• REQUIRED WORK
A faithful transcription of all the data, images excluded, is the required answer.

• DATA SECTION
[Start of Attachment]

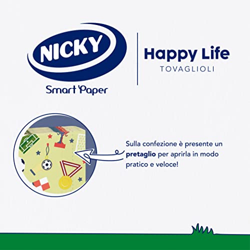 Nicky Happy Life - 20 Tovaglioli a 3 Veli, Fantasia a Tema Calcio, Allegri e Decorati, 100% Pura Cellulosa Certificata FSC®
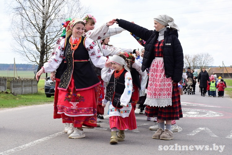 Первы крывы танок завялі на полі каля вёскі Гадзічава і, як заўсёды, з добрымі пажаданямі: “Каб у нас усё радзіла і маланка не біла”. Святочны маршрут прайшоў па вуліцы Чырвонаармейскай, дзе мясцовыя жыхары сустрэлі ўдзельнікаў шэсця велікоднымі пачастункамі.
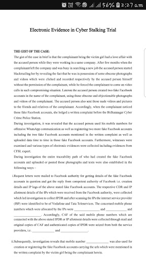 This app deals in depth on very peculiar nature of electronic evidence, Cyber forensics , chain of custody. This app also provides portion of Indian Evidence Act and Information Technology Act relevant to electronic evidence. This app contains the relevant portion of the landmark judgements on electronic evidence. More than twenty five judgements have been discussed. Four important criminal cases which depends wholly on electronic evidence have also been discussed. The app is connected with a YouTube video which related to electronic evidence. The may provide an overall idea of electronic evidence which is the most important evidence in today's world.
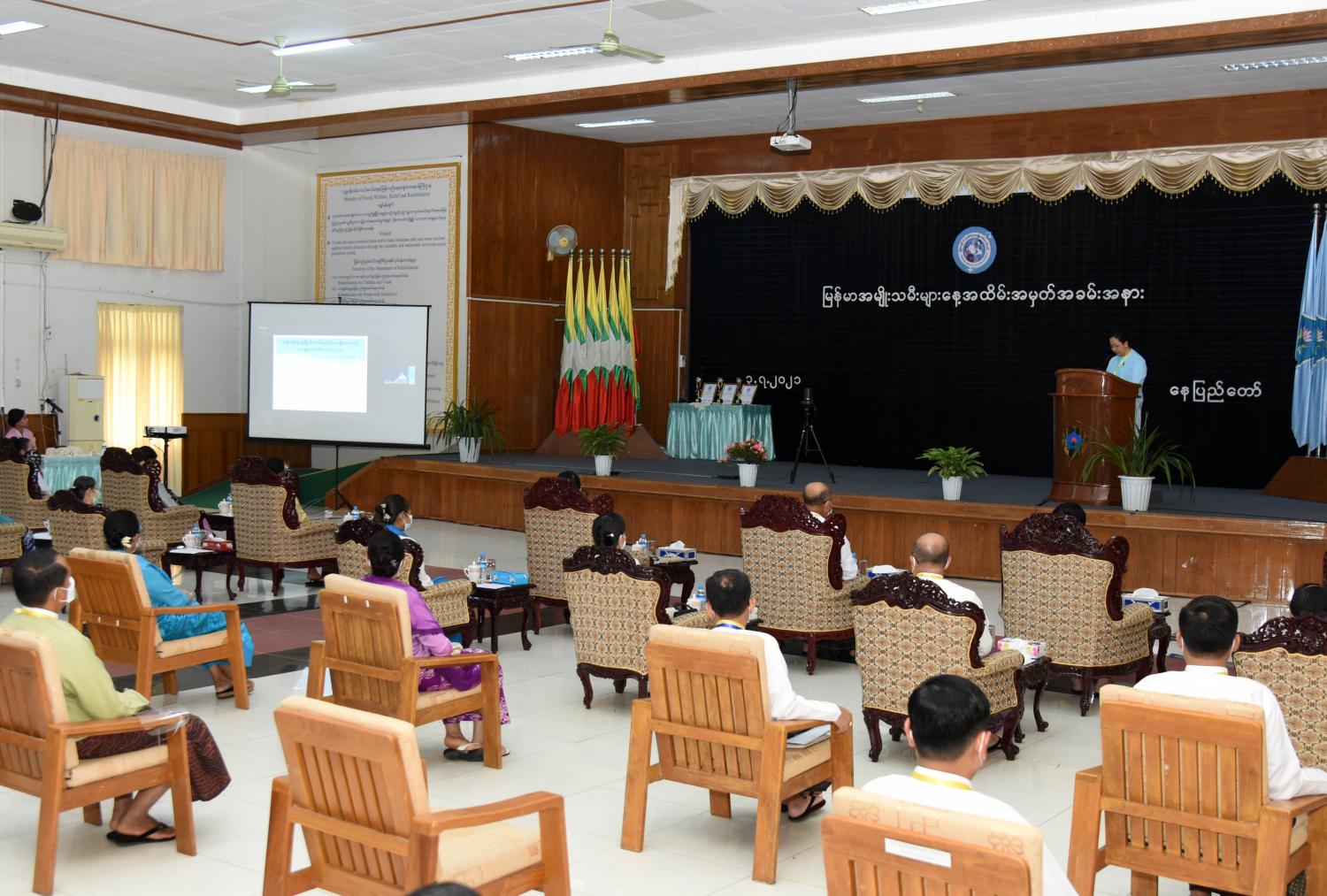 ၂၀၂၁ ခုနှစ် မြန်မာအမျိုးသမီးများနေ့ အထိမ်းအမှတ်အခမ်းအနားကို  ယနေ့နံနက် ၁၀ နာရီတွင် နေပြည်တော်ရှိ လူမှုဝန်ထမ်း၊ ကယ်ဆယ်ရေးနှင့် ပြန်လည်နေရာချထားရေးဝန်ကြီးဌာန အစည်းအဝေးခန်းမ၌ COVID-19 ရောဂါ ကာကွယ်၊ ထိန်းချုပ်ရေးဆိုင်ရာ ညွှန်ကြားချက်များနှင့် အညီ ကျင်းပသည်။

[End of Attachment]

• RESULT FOR THIS EXERCISE
 Nicky Happy Life - 20 Tovaglioli a 3 Veli, Fantasia a Tema Calcio, Allegri e Decorati, 100% Pura Cellulosa Certificata FSC®
 Первы крывы танок завялі на полі каля вёскі Гадзічава і, як заўсёды, з добрымі пажаданямі: “Каб у нас усё радзіла і маланка не біла”. Святочны маршрут прайшоў па вуліцы Чырвонаармейскай, дзе мясцовыя жыхары сустрэлі ўдзельнікаў шэсця велікоднымі пачастункамі.
 This app deals in depth on very peculiar nature of electronic evidence, Cyber forensics , chain of custody. This app also provides portion of Indian Evidence Act and Information Technology Act relevant to electronic evidence. This app contains the relevant portion of the landmark judgements on electronic evidence. More than twenty five judgements have been discussed. Four important criminal cases which depends wholly on electronic evidence have also been discussed. The app is connected with a YouTube video which related to electronic evidence. The may provide an overall idea of electronic evidence which is the most important evidence in today's world.
 ၂၀၂၁ ခုနှစ် မြန်မာအမျိုးသမီးများနေ့ အထိမ်းအမှတ်အခမ်းအနားကို  ယနေ့နံနက် ၁၀ နာရီတွင် နေပြည်တော်ရှိ လူမှုဝန်ထမ်း၊ ကယ်ဆယ်ရေးနှင့် ပြန်လည်နေရာချထားရေးဝန်ကြီးဌာန အစည်းအဝေးခန်းမ၌ COVID-19 ရောဂါ ကာကွယ်၊ ထိန်းချုပ်ရေးဆိုင်ရာ ညွှန်ကြားချက်များနှင့် အညီ ကျင်းပသည်။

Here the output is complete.